On April 20, City Councilwoman Sharon Tucker won a caucus to replace Henry — which required her to resign her City Council seat — and last Saturday, Fort Wayne Community School board vice president Rohli Booker won a caucus to replace Tucker.
After Booker’s swearing-in yesterday at Citizens Square, a final domino remains to fall: filling Booker’s former spot on the FWCS school board.
This time, no caucus will be called. School board races in Indiana are nonpartisan, so neither the Democratic nor Republican parties will play a role in selecting Booker’s replacement.
Instead, the other six FWCS board members will choose that person. It’s a process they are quite familiar with; this is the fourth vacancy they’ve had to fill in the past seven years.
Tracking turnover
In 2017, then vice president Mark GiaQuinta resigned his at-large seat a year and a half before the end of his term. More than a dozen people applied to replace him, including Austin Knox, who is now Wayne Township Trustee and was a candidate in last month’s mayoral caucus. Ultimately the board chose Maria Norman, who currently serves as its president.
Three years later, board member Jordan Lebamoff died suddenly from a heart attack at age 54. (Lebamoff’s father Ivan Lebamoff, a Democrat, was mayor of Fort Wayne from 1972 to 1976.) The younger Lebamoff was replaced by Booker on July 27, 2020.
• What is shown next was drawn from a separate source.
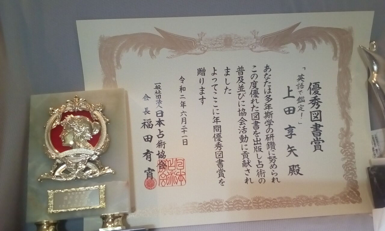 日本占術協会より、功労賞と優秀図書賞をいただきました。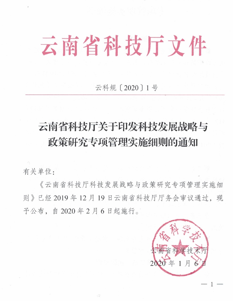 云南省科技廳關(guān)于印發(fā)科技發(fā)展戰(zhàn)略與政策研究專項管理實施細則的通知

Later that year, former City Councilman Tom Smith resigned just weeks into his second term on the board. He had filed for re-election months earlier but changed his mind after the deadline to withdraw from the race.
Despite publicly urging voters to support the other candidate running for his District 3 seat, Smith won the election. After he formally submitted his resignation, the other six board members selected Noah Smith (no relation) as his replacement.
Replacement process
FWCS board members earn $2,000 in annual compensation plus stipends for meetings attended. Anyone who is at least 21, has been a resident of FWCS District 3 — see map — for a year or more, and is a registered voter can apply for the seat Booker vacated.
The other board members will review all the applications and select which candidates they want to interview in person. They typically talk to around five, and each is asked the same set of questions.
Anne Duff, who was one of several FWCS board members at Booker’s swearing-in ceremony Tuesday, said she’ll be looking for someone who is passionate about public education and understands the key role that the Indiana General Assembly plays in what happens in the state’s public schools.
She said a good board member is a person comfortable with “being an advocate, being willing to talk to legislators, write emails, being a spokesperson for the district, visiting schools and learning what each school does and what each school is all about.”
Duff also told me she believes Booker’s replacement needs to help promote what’s happening at FWCS to the community at large. “There’s so many hidden gems people don’t know about.”